Он смолк, но я ничего не сказала.
– Вероятно, – добавил он с улыбкой, – если вы и огорчитесь, то потому лишь, что я не увезу с собой всех остальных. Порой я льщу себя мыслью, что хотя и нахожусь среди них, но к ним не принадлежу. Все же вполне естественно, что вы будете рады избавиться от меня. Я могу скорбеть об этом, но только не винить вас.
– Ваш отъезд ликовать меня не заставит, потому что вы умеете вести себя как джентльмен, – ответила я, считая лишь справедливым одобрить его достойное поведение, – но, признаюсь, я с большой радостью распрощаюсь со всеми остальными, пусть это выглядит и очень негостеприимно.

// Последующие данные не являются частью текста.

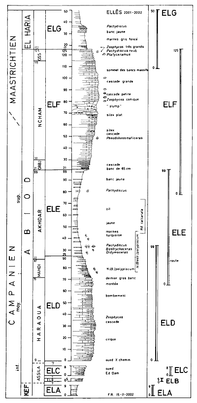 La cascade de base montre un passage progressif - aux environs du niveau ELF 30 - entre les alternances du Membre Gourbeuj (G) et les bancs calcaires à très minces interbancs de calcaire marneux du Membre Ncham (N) ; c'est sur cette ligne G/N que se trouve Moheddine qui donne l'échelle. En remontant sur la droite le lit de l'oued Ed Dam (hors photo), le niveau ELE 48 a livré l'ammonite Pseudokossmaticaras brandti caractéristique de la partie supérieure du Campanien. Par comparaison avec la coupe de Kalaat Senan ( et alii, 2000), la limite Campanien (Cp)- Maastrichtien (Ma) se trouve au-dessus de ce niveau, entre ELF 60 et 70, soit vers ELF 66.
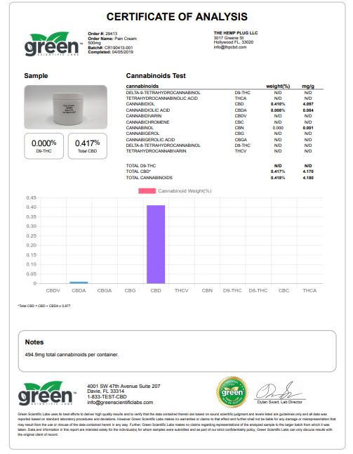 This CBD-infused cream made with 100% natural hemp oil s formulated to help reduce pain and soreness while moisturizing dry skin
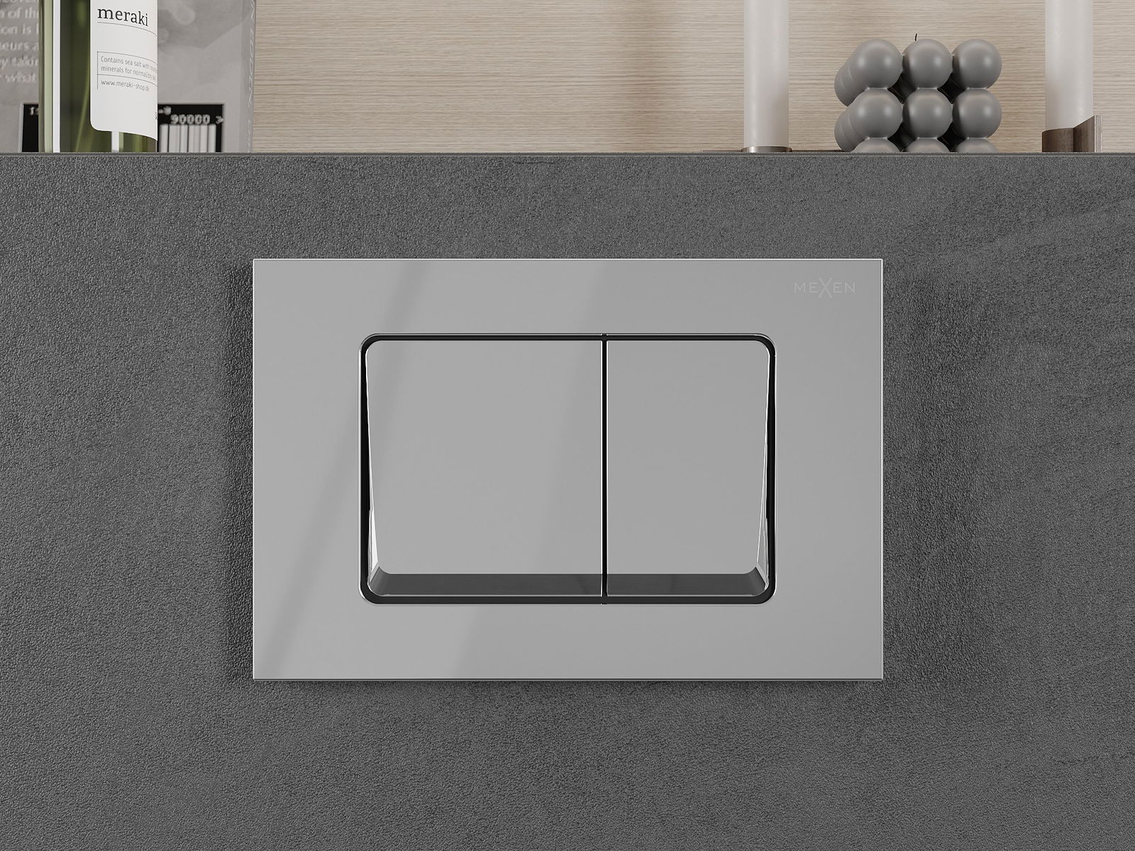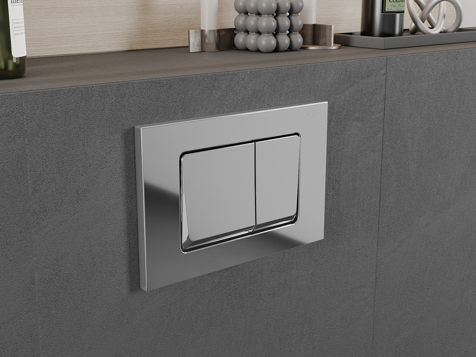 Le bouton est conçu pour les châssis Mexen de la série XS. Il peut être monté à la fois à l'avant et en haut du châssis, ce qui augmente son universalité. Cette solution facilite l'installation dans différentes conditions de montage. Ainsi, le contrôle de la chasse d'eau est pratique et intuitif.
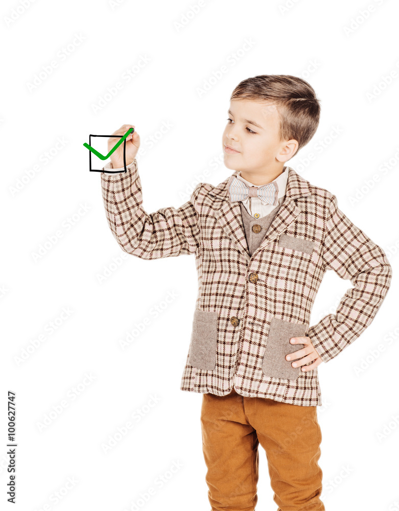 Portrait young boy with marker writing on a white background
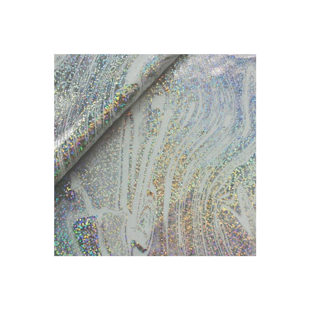 Hochwertiger elastischer Jersey mit einheitlicher Grundfarbe, auf deren Oberfläche sich silberne Glitzereffekte abwechseln und für einen auffälligen Glanz sorgen. Der Stoff stammt von einem europäischen Hersteller und besteht aus 80 % Polyamid und 20 % Elasthan, mit einem Flächengewicht von 204 g/m². Dieser Badeanzugstoff eignet sich hervorragend für Tanzkostüme, Badeanzüge, Bikinis, Leggings, Trikots, Bodys und Kleider.
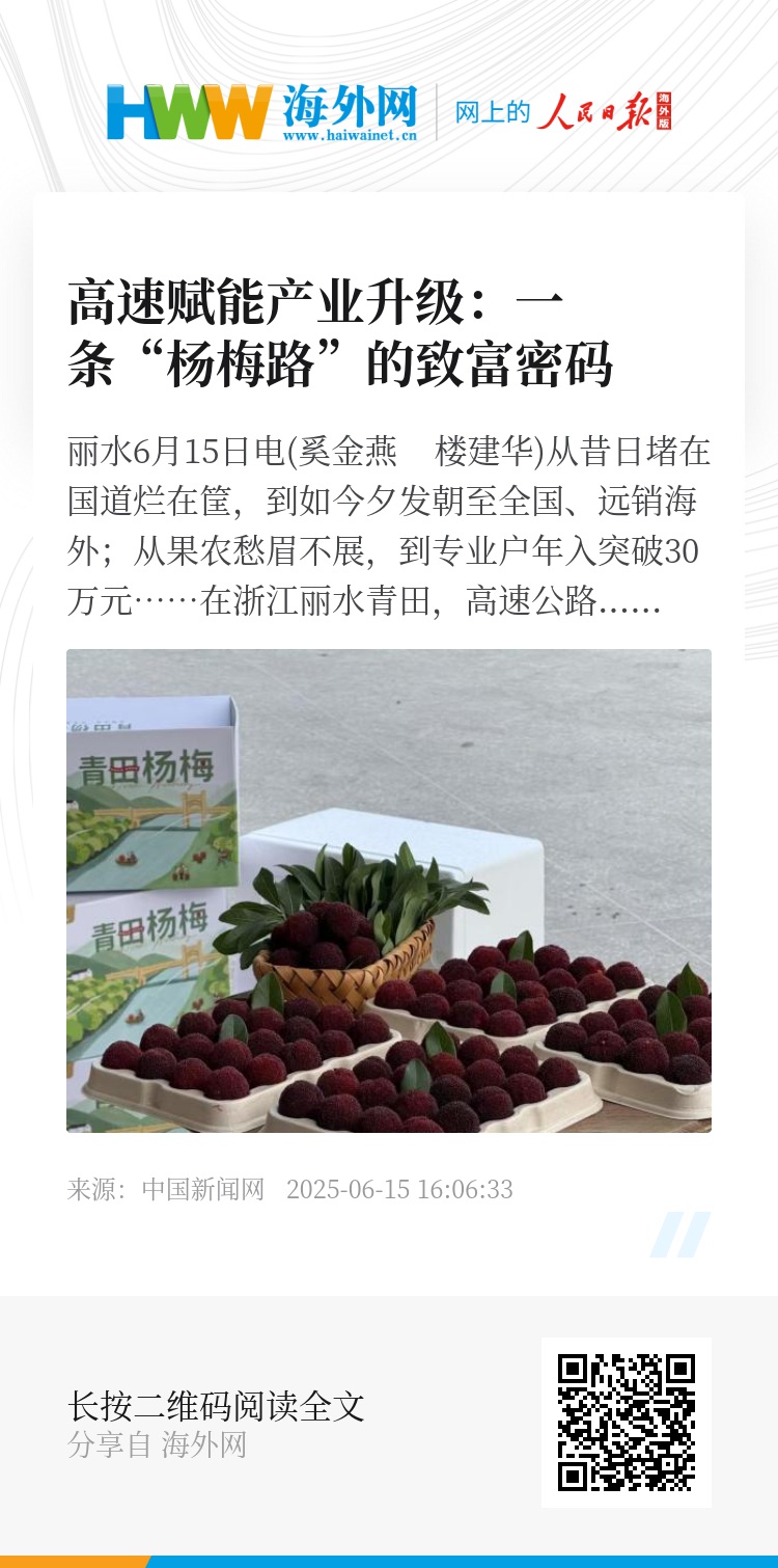 一条高速路,让青田杨梅完成了从“山货”到“尖货”的华丽蜕变。这“致富密码”的终极体现,不仅是收入的倍增,更是品质的飞跃、品牌的崛起与产业链的韧性提升。如今,高速就像一条金色的纽带,将青田杨梅与全国乃至世界紧密相连,这条金色纽带所承载的远不止甘甜的果实,更是山区特色农业突破地域限制、实现高质量发展的希望之路。
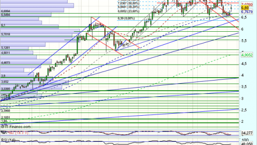 En el medio plazo, supera el 100% del impulso bajista previo y los máximos previos, hasta los 7,5 euros que frenan las alzas, dando lugar a una formacion de doble techo de largo plazo, que de no ser anulado tendria un significado fuertemente bajista y que fuerzan una consolidacion.
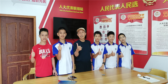(老党员钱爷爷与杭外学子李馥地、郑和易、虞子皓、庄杰森、朱嘉洋合影留念)

– Никто не вправе упрекнуть вас за такое признание, – произнес он с чувством. – Даже, наверное, они сами. Я расскажу вам, – продолжал он, словно поддаваясь внезапному порыву, – о чем вчера вечером говорилось в столовой, когда вы нас оставили. Быть может, вы не примете этого к сердцу, раз уж столь философски смотрите на некоторые вещи. (Тут в его голосе прозвучала легкая насмешка.) Они беседовали о лорде Лоуборо и его восхитительной супруге, прекрасно зная причину их внезапного отъезда. И они так хорошо осведомлены о ее поведении, что, несмотря на наше близкое родство, я не мог встать на ее защиту… Разрази меня Бог, – добавил он, словно в скобках, – если я не отомщу за это! Негодяю мало опозорить семью, он еще должен хвастать этим перед самыми низкими мерзавцами среди своих знакомых!.. Простите мою вспышку, миссис Хантингдон. Ну, и кто-то из них упомянул, что теперь, когда она живет отдельно от мужа, он может видеться с ней, сколько пожелает. «Вот уж спасибо! – ответил он. – Я ею по горло сыт и видеться с ней не намерен, разве что она сама будет меня искать».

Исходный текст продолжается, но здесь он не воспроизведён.